“……”顾漠榆沉默地低头,想了想自己刚刚唱的歌,瞅了瞅刚刚教自己种植物技巧的顾喜苗,又看了看还在疯狂“呕吐”的向日葵,眼神逐渐呆滞。
这方法难道真的可行?这向日葵真的不是被自己的歌声吓到呕吐吗?但这好像也算殊途同归吧?

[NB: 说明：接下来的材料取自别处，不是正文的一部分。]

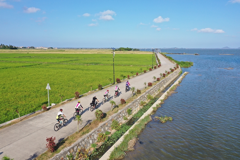 一群骑友在万宁小海边上骑行,沿线稻花飘香,丰收在望(杨师忠/摄 )

等等,如果向日葵的呕吐物是瓜子,那準备吃瓜子的他又是在干什麽?
“……”细思极恐。
顾漠榆看着自己花积分兑换的向日葵,开始怀疑人生。
正在顾漠榆思绪混乱之际,木宁椿跨过院门,一进来就看见靠墙的两个人,他们还盯着地面,不知道在干什麽,“你们这是干什麽?”他疑惑地问。
“在实验如何种植物。”顾漠榆表情一言难尽,实验结果看似很成功,又看似很失败,扑朔迷离。
但这怎麽不算是一种进步呢?
“啊?”木宁椿不太理解。
“你等等,我再实验一下。”顾漠榆左思右想,决定问问如何让豌豆射手听话一点,“喜苗,过会我放个东西出来,你不要害怕。”
“哦。”顾喜苗还沉浸在他那不好听的小曲中,没有缓过神,点头都是机械的身体反应。
微凉的月光照在庭院的空地上,顾漠榆将大号豌豆射手从系统商城里放出来,头顶的月光瞬间被绿色大脑袋遮住了。
豌豆射手在月光下舒展着自己的身躯,摇头晃脑好不惬意。
“豌豆射手,低一下头。”
顾漠榆拍了拍豌豆射手那水桶般粗壮的根茎,仰头沖上面喊道。
豌豆射手享受着月光浴,左右摇晃着粗壮又柔软的根茎,压根不搭理顾漠榆。